*** Opening of RECORDED DATA ***
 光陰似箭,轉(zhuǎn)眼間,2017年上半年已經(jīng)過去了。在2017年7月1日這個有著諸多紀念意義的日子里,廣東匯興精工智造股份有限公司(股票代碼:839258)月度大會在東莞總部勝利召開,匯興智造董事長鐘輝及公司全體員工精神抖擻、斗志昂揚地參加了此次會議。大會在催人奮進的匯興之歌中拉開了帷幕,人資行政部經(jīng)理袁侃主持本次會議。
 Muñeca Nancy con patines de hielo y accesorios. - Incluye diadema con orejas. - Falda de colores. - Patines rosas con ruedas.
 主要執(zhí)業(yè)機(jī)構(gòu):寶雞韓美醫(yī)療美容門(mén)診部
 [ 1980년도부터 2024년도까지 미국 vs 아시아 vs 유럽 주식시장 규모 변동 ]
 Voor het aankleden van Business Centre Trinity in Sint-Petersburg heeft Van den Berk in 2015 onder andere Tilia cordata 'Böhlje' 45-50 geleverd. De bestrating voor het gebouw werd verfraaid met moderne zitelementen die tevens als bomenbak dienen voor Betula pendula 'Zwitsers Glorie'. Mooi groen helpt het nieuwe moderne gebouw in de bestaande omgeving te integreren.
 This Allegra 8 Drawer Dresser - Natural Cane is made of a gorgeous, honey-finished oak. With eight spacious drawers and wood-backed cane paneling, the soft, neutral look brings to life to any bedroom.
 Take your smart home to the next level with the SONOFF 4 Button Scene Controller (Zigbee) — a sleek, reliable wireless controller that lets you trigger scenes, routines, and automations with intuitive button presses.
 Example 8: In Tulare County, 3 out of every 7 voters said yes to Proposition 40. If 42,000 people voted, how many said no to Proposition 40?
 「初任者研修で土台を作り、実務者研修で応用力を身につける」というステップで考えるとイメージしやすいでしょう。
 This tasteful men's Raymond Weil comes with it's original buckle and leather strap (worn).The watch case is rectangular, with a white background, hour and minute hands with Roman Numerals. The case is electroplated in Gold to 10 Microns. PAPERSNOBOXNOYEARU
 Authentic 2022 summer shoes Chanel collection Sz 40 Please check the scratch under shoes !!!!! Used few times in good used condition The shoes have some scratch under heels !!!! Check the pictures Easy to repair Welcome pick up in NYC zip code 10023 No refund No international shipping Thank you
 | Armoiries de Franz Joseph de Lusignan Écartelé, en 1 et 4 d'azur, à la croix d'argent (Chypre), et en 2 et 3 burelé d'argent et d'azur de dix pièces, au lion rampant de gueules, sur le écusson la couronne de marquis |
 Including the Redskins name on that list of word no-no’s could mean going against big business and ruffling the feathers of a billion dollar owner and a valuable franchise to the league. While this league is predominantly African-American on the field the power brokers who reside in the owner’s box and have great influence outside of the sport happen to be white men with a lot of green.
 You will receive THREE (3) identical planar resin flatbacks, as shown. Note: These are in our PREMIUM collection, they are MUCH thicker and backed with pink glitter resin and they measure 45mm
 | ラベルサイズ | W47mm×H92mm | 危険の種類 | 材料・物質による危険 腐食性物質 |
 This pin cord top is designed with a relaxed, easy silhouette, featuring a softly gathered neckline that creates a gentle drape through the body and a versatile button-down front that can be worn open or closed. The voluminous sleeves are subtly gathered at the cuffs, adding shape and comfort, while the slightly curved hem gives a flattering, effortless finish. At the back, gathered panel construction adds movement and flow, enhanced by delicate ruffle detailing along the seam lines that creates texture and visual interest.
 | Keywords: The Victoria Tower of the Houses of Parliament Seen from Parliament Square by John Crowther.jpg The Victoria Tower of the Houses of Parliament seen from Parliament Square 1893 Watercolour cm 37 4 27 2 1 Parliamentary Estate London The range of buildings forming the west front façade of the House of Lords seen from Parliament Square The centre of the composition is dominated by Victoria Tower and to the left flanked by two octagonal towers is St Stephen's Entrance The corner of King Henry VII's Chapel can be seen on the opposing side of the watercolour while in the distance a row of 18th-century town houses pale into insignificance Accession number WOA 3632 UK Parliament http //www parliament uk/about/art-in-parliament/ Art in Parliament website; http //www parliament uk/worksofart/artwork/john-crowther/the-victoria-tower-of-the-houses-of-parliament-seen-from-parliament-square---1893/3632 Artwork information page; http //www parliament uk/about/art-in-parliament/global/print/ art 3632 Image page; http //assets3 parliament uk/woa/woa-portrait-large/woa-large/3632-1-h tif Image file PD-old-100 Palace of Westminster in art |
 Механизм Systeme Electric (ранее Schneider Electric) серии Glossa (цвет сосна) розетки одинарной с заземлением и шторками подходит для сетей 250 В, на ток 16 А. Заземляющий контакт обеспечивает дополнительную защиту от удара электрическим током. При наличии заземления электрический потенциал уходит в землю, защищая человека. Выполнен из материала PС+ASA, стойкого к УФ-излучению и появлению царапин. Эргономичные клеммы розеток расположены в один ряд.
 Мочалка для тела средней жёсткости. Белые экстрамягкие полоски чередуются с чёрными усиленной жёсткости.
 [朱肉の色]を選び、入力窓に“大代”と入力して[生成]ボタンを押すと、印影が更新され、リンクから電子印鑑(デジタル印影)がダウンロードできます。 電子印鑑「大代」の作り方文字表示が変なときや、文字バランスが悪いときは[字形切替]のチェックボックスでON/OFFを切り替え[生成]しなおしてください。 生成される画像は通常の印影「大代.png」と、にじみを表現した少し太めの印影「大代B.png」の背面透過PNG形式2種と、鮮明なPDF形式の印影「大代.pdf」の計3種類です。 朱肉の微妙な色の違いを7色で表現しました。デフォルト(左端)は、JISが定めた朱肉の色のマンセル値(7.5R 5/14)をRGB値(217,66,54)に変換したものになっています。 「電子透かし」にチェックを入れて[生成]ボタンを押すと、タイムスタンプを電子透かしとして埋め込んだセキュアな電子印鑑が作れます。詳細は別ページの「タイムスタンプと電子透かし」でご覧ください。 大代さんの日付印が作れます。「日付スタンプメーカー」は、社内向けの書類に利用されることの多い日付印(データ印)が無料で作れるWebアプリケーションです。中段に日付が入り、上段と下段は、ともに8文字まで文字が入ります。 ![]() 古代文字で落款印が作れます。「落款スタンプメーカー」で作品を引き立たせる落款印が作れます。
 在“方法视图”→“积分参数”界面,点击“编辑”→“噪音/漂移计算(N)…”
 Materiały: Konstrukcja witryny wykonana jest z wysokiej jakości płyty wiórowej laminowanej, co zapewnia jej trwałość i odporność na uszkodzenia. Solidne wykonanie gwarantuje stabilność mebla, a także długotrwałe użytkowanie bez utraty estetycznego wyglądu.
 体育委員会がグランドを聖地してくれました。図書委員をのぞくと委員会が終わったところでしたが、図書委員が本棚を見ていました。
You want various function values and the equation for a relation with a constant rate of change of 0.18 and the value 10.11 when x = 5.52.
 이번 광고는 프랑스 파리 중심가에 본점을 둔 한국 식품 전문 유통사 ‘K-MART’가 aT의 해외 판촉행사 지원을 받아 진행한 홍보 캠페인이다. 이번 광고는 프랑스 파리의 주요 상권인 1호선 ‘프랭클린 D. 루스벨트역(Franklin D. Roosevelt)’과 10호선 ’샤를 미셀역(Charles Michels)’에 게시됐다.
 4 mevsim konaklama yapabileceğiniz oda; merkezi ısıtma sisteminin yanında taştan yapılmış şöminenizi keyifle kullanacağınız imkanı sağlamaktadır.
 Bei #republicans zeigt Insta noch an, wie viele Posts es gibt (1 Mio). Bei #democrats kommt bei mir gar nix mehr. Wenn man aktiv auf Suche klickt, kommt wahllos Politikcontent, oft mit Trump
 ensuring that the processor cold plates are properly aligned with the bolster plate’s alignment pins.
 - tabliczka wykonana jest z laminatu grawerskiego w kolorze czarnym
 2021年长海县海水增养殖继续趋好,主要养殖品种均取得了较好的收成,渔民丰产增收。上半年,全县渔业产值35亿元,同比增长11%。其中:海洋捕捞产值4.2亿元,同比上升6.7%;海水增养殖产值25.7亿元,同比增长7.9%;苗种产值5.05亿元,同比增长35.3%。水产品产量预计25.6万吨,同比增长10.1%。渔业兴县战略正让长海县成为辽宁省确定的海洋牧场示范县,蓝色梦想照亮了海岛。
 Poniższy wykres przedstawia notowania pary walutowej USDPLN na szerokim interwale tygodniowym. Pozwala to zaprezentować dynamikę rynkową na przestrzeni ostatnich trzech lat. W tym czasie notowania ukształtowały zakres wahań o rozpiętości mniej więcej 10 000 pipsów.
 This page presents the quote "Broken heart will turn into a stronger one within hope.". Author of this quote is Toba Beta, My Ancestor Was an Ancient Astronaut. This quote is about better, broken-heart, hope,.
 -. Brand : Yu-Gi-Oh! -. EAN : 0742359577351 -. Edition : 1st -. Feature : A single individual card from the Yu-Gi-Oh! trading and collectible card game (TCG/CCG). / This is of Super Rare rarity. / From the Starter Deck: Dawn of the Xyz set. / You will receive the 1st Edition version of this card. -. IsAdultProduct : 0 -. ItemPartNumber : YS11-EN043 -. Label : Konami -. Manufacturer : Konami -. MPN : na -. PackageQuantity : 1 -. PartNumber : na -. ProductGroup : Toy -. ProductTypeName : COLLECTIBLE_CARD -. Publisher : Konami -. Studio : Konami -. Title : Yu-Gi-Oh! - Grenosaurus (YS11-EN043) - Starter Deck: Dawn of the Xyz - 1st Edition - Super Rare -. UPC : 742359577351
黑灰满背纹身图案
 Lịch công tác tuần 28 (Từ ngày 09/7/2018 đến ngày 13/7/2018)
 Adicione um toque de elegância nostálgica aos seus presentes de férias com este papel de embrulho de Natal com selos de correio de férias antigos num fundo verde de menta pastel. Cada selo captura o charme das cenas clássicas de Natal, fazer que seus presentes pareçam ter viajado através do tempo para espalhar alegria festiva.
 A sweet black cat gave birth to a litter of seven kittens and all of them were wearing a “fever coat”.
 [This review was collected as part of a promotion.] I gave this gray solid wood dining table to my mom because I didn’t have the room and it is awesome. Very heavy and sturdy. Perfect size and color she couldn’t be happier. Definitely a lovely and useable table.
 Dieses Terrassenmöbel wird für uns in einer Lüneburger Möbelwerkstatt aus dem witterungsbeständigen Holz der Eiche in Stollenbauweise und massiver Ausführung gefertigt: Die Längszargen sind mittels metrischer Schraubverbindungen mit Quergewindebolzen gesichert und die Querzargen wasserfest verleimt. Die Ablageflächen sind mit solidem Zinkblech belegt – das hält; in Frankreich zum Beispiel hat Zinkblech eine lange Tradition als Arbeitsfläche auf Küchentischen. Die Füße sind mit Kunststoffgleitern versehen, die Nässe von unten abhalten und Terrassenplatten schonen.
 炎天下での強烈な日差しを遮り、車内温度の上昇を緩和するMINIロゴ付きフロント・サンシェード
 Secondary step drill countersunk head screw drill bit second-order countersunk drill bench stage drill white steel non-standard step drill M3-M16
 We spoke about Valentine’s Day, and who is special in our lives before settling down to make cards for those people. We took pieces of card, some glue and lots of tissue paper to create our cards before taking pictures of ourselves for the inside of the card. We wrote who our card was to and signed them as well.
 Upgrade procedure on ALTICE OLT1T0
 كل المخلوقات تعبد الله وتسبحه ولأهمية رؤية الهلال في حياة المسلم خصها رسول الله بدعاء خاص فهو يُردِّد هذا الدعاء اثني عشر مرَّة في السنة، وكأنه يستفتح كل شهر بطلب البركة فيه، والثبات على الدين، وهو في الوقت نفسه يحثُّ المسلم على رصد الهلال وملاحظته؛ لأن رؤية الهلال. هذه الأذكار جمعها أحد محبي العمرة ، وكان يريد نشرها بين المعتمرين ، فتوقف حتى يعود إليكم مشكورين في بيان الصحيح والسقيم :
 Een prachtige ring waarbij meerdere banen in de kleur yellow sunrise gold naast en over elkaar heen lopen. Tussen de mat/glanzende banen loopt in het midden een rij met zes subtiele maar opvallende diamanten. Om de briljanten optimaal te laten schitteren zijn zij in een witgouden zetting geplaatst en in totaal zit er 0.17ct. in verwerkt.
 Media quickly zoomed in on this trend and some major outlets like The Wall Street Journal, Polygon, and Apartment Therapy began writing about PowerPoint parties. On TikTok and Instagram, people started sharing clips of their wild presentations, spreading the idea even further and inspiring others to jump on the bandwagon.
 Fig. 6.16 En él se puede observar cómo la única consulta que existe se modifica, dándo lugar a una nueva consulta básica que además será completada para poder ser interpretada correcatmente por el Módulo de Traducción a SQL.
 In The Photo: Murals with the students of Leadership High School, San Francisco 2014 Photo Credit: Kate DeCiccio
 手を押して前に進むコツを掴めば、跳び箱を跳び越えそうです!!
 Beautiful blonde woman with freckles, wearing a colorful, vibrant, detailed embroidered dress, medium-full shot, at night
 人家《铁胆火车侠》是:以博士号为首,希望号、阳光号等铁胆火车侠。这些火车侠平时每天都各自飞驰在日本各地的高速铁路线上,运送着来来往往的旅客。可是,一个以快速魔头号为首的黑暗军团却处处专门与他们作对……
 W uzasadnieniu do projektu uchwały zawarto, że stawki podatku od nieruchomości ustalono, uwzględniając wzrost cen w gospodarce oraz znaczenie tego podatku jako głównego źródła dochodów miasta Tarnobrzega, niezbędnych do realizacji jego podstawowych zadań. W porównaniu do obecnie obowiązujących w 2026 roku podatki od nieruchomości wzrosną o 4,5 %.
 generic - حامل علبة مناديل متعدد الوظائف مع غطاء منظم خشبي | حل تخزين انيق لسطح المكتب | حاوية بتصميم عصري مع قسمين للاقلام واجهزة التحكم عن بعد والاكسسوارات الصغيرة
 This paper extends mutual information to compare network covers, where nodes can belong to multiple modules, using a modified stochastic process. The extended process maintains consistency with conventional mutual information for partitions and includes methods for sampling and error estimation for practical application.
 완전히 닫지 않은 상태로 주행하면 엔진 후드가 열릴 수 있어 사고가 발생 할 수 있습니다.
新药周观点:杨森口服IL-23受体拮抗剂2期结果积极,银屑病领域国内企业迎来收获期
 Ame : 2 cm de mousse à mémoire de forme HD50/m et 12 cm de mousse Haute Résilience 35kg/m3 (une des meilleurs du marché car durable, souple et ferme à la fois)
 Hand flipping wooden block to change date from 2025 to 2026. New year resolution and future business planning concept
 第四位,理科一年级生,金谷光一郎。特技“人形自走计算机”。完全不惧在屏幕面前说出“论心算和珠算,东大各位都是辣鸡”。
*** Close of RECORDED DATA ***
Taking the records above, retype every line from the one with "A sweet black" down to the one with "[This review was", exactly and with nothing else.

 A sweet black cat gave birth to a litter of seven kittens and all of them were wearing a “fever coat”.
 [This review was collected as part of a promotion.] I gave this gray solid wood dining table to my mom because I didn’t have the room and it is awesome. Very heavy and sturdy. Perfect size and color she couldn’t be happier. Definitely a lovely and useable table.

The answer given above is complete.